Here is Paul, writing to the church at Ephesus:

For we do not wrestle against flesh and blood, but against the rulers, against the authorities, against the cosmic powers over this present darkness, against the spiritual forces of evil in the heavenly places.

I wonder if we can really know God experientially; have a personal relationship with Jesus Christ, if we don’t recognize that there is a war going on and that we are in it; if we do not recognize that we face opposition – even opposition other than our own divided hearts?

Meditation on Psalm 38

 

O LORD, REBUKE ME NOT IN THY WRATH: NEITHER CHASTEN ME IN THY HOT DISPLEASURE.

 

 

Here the writer is overwhelmed with grief.

At first he acknowledges that his misery is the result of his own sin and that the anguish he now suffers is from God:

For thine arrows stick fast in me

And thy hand presseth me sore

But, as seems to me to happen often in the psalms, the course of the poem changes abruptly and the psalmist laments not so much his own sin and merited suffering, but the evil of “mine enemies, lively and strong” who “hate me wrongfully.”

Verse twelve details the dynamics of the evil.  His enemies “lay snares” for him; they “speak mischievous things and imagine deceits all the day long.”  This isn’t difficult to understand or relate to.  Anyone who has gone to school, worked in an office  [or other workplace] or spent time in a family will know just what the psalmist is talking about here.  Things are going along fine [seemingly] and then the day comes when you discover that everyone around you seems to be watching a different movie than you are.  What was once accepted is now poison.  What you believed was affection was only feigned.  You find that what has been said behind your back is not at all what you thought was being said.  You are now a target and the crowd is working together to get you knocked off your horse.

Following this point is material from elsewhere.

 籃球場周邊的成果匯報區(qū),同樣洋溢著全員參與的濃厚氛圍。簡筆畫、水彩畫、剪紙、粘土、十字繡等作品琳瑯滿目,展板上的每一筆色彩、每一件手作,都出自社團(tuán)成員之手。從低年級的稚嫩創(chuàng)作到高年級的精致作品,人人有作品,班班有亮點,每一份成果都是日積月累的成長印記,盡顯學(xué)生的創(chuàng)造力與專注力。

In the next verse the writer says of these complaints and plans against him:

 

But I, as a deaf man, heard not and I was as a dumb man that openeth not his mouth.

 

When I first read this, I thought of the man unjustly accused and surrounded by those who he thought were his friends as described in the previous verse.  And it was easy for me to think that what the psalmist was saying in this verse was that he was so surprised and taken aback by what he was confronted with that he was literally speechless.  Just dumbstruck by the suddenness of it all and unable in the moment to muster any defense for himself, even though the charges against him are unjust.  Again, that’s easy to imagine.  That’s how it feels.

But on second thought, maybe the psalmist is saying something quite different.  Maybe he is saying that, as he is surrounded by these unjust accusations he ignores them and offers no defense because he knows that God is his only defense.  God is his defender.  His own efforts here will be futile, surely.  But, given time, the wheels of the Almighty will grind and – as we mentioned yesterday – the justice of his cause will shine as the noonday sun.

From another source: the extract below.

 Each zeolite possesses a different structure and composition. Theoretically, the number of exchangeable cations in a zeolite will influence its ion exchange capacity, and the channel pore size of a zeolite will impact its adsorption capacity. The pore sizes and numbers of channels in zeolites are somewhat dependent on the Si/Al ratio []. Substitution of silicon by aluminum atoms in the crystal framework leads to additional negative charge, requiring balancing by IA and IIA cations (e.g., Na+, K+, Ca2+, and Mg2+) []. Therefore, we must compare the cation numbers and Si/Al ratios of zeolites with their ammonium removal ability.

That is a worthwhile lesson.  This is not to say that one should never speak in his own defense.  There are times and places where that is exactly what one should do.  But there are other situations where you cannot win.  Any effort of your own will only make matters worse.  In those instances, it may well be that the only thing we can do is be silent and wait for vindication from God.  This is faith.

Meditation on Psalm 24

 

The earth is the Lord’s, and the fulness thereof;
the world, and they that dwell therein.

This Psalm begins with a basic, yet profound proposition: God made the earth and it belongs to Him.  That notion is so deeply embedded in Christian thought and teaching that those of us who’ve been around awhile might tend to glaze over when we see or hear it once again.  Oh, yeah.  God made the world and it belongs to Him.

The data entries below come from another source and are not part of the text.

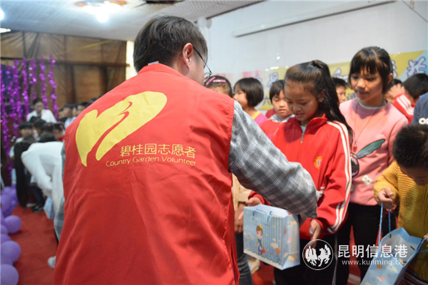 碧桂園云南區(qū)域志愿者在給孩子們分發(fā)六一禮物。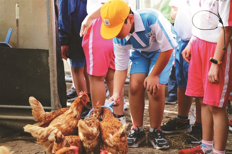 興嘉國小學童,進入嘉義大學溫室體驗餵雞。圖/中央社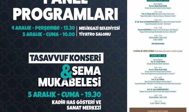 Kayseri Büyükşehir Belediyesi, Kayseri Valiliği ve Birlik Vakfı iş birliğinde Seyyid Burhaneddin'in 781. vefat yıl dönümü dolayısıyla 4-5 Aralık tarihlerinde 'Seyyid-i Sırdan' temasıyla Anma Programı düzenlenecek.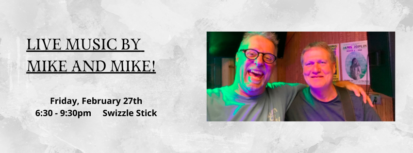 “Mike and Mike” will be playing LIVE in the Swizzle Stick! They play your familiar soft rock hits from the past! Music starts at 6:30pm. Come out for some great drinks, great food, and live tunes! |

But, like so many other things that we tend to ignore or sleepwalk through, these ideas have great consequences and they merit our continual contemplation.

There are (at least)  two problems raised by the proposition:

  1. If God made the world and it belongs to Him, why in the world is it in such a shape? Why do the innocents suffer?  Why do tyrants rage?  Why does wrong seem to prevail so often?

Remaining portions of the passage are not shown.